I came to understand that making them wrong for lying didn’t help anyone. Where I got to, and it’s a hard road, is no longer minding what other people say.
I’ll give you one example. My eldest brother would visit my state and call me to tell me that he couldn’t get out to see me. It was a cruel thing to do. It falls into lying as it shows an insensitivity and lack of care of the impact of this behaviour and the implied promise that if they came to my state they would come to see me.
I came to undestand that most of my upset came from my thwarted expectations. I expected them to visit, I expected to matter to them as they did for me. I expected them to treat me with respect. You know what? They don’t have to. Isn’t that a bugger?
When I looked closely at my upset I found that most of it was due to my own expectations being thwarted and unfulfilled. And that hurts.
I changed my expectations of my brother and stopped calling or expecting anything from him, I was able to appreciate when I did see him and not look for anything more.

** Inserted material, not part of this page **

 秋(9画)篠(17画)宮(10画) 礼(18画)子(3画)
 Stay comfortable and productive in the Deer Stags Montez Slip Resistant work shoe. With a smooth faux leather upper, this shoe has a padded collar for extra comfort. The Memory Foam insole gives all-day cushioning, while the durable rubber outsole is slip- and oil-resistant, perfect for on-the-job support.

There came an occasion where he apologised, one out of the blue visit, for not seeing me for over a year. I stared at him in absolute astonishment and said no, you were here in summer. No, he said, that was last summer. Oh, I said surprised, I hadn’t noticed. I truly hadn’t. He was so offended! How funny is that?
I will say that others’ duplicity is one of the things I’ve really struggled with. It’s been very painful. My expectations on others now do not impede the development of my relationships or enjoyment of my life.
PS I still love him & think he’s a lovely man and am pleased to see him whenever I do.